Suddenly she was holding on to him as she had in the kitchen, her fingers twisting into the fabric of his shirt, and then releasing their hold. Over and over and over again. As they had earlier, after several seconds, his arms tightened around her, and she found herself locked against his hard body, listening to the steady beat of his heart.
But all she could think about was the room behind her. How if Alec hadn’t asked her out tonight, or had been running late, she might be already dead.
“Come on.” He helped her out to the living room, sat her back down on the couch. The last time he’d sat her here, she’d thought her problems couldn’t get any worse. She’d been wrong.
When he passed it to her, she numbly took the freshly filled water glass, but just held it in her hands, rotating it as if she were suddenly blind and searching desperately for a Braille message on its surface. Some answer as to why this was happening to her.
How had she managed to get herself mixed up with a man like Carlos Bricker? She was cautious where people were concerned—especially since Karen’s death—and her instincts were usually pretty good. So how had Carlos managed to fool her so completely?

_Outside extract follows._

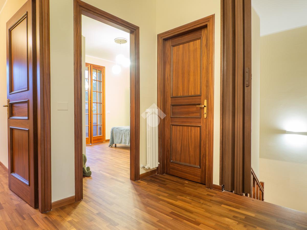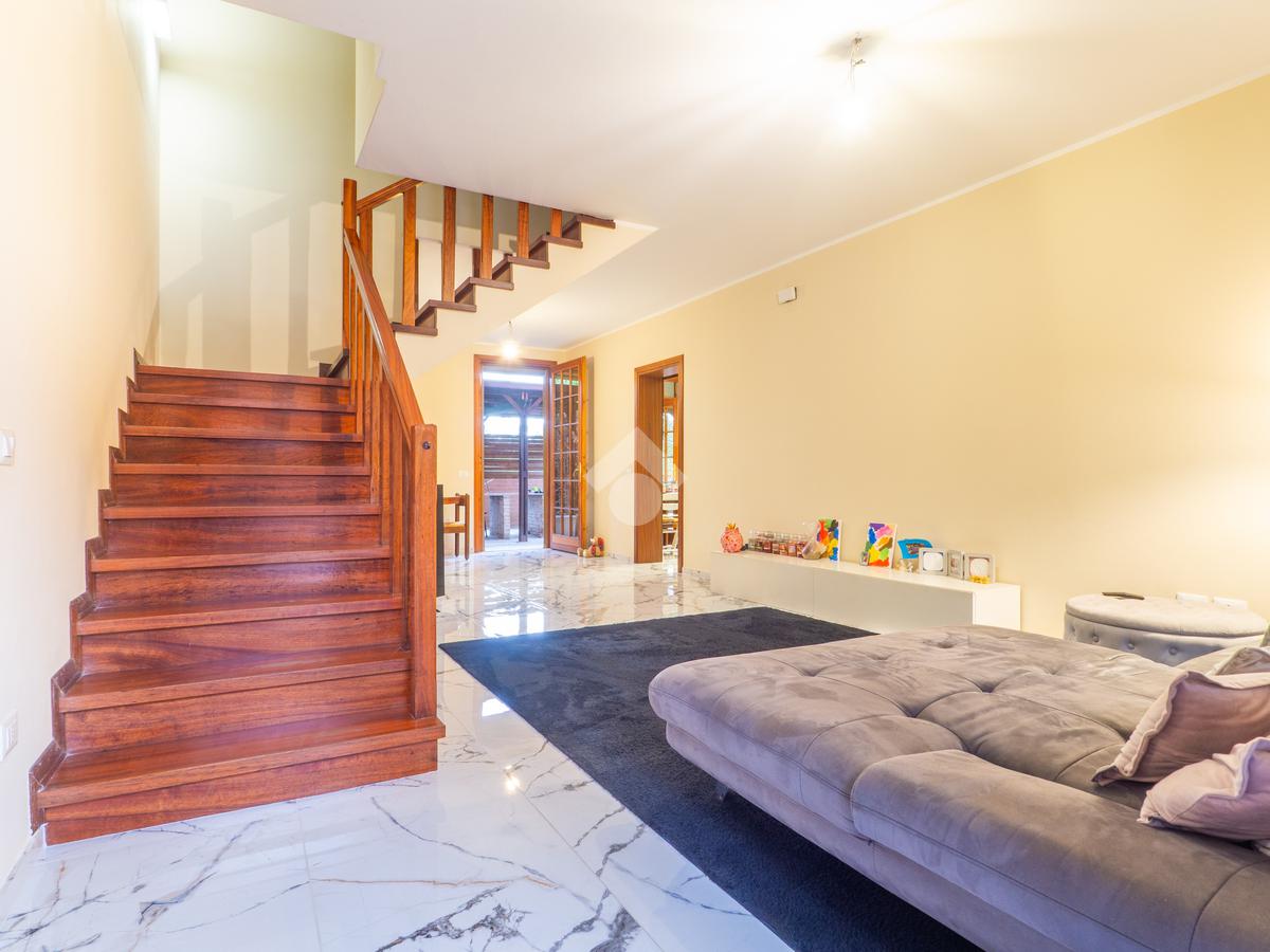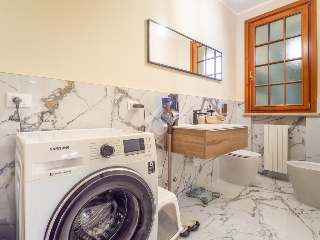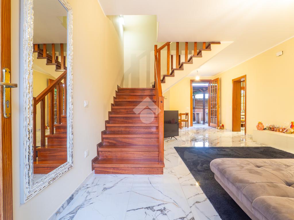 L’abitazione si sviluppa in ingresso su luminoso soggiorno con zona pranzo, cucina abitabile con accesso al giardino posteriore attrezzato con un ombreggiato gazebo per pranzi e cene all’aperto. Completa il piano terra un bagno finestrato con zona lavanderia e sanitari. Al primo piano, la zona notte consta di tre ampie camere da letto, di cui due matrimoniali con un balcone privato ciascuna, e una singola comoda, un utile ripostiglio e due bagni entrambi finestrati. Il primo bagno è dotato di una bella vasca freestanding mentre il secondo ha una comoda doccia walk in. I pavimenti della zona giorno sono in gres porcellanato di grande formato e superficie lucida per un effetto ottico di grande luminosità e profondità, mentre le camere da letto hanno il parquet che le rende calde e accoglienti.

And more importantly, why hadn’t he come himself? If he hated her that much, why send someone? She thought she knew why, though. If she turned up dead, Carlos was bound to be a prime suspect. But then again, his new girlfriend might be willing to give him an alibi for the attempted assault of his ex-girlfriend. Carlos could be very charming and persuasive; he could easily convince the new gir
lfriend that the ex was just out to get him. But when it came to a murder charge, she might not be so willing to provide an alibi. Because new girlfriends eventually became ex-girlfriends. And what went around came around.
She didn’t look up when Alec sat in the chair facing her. She’d told him she was tough. That she could take whatever was in that room. Well, she wasn’t quite that strong.
Katie rubbed her forehead as if the action could erase what she’d seen. It wouldn’t. She suspected she’d be seeing that room in her nightmares for many years to come. Maybe for the rest of her life.
“How much money does it take to buy…to buy someone to do this?” She rotated the glass faster now. It was a stupid question really, but she still found herself wondering what it had cost the creep. Recently, he’d had money problems, so maybe he had even sold some of her paintings to pay for the hit on her.
“Your ex-boyfriend has nothing to do with what happened here tonight.”
It took a second for his words to sink in. When they did, she raised her gaze to his for the second time in seconds. “What are you saying?”
“This nickname. Katydid. Is there anything in your bedroom that has that written on it? The back of a photo? Inscribed on something in your jewelry box? In a book?”
She looked down at her hands, at the dried blood beneath her nails and at the sterling ring on her right hand. She fingered the band. Her sister had given it to her only weeks before her death. The inside was inscribed: To Katydid, My better half. It was the only piece of jewelry she owned with an inscription, and she never removed it.
“Maybe the back of a photo.” She tightened her grip on her hands. “But I don’t understand… Who else would want to harm me?” And then she saw it in Alec’s eyes. “You know who it is? Who did that to my room?” How was that possible?
“Yes.” He was composed. Too composed. Guarded.
“But how can you know who it is?”
Exhaling sharply, he looked away. When he looked back, his expression was even grimmer. “Eleven months ago, while I was still with the Bureau, I came home after two weeks on the road and found my wife murdered. Our bedroom looked exactly like yours does tonight.”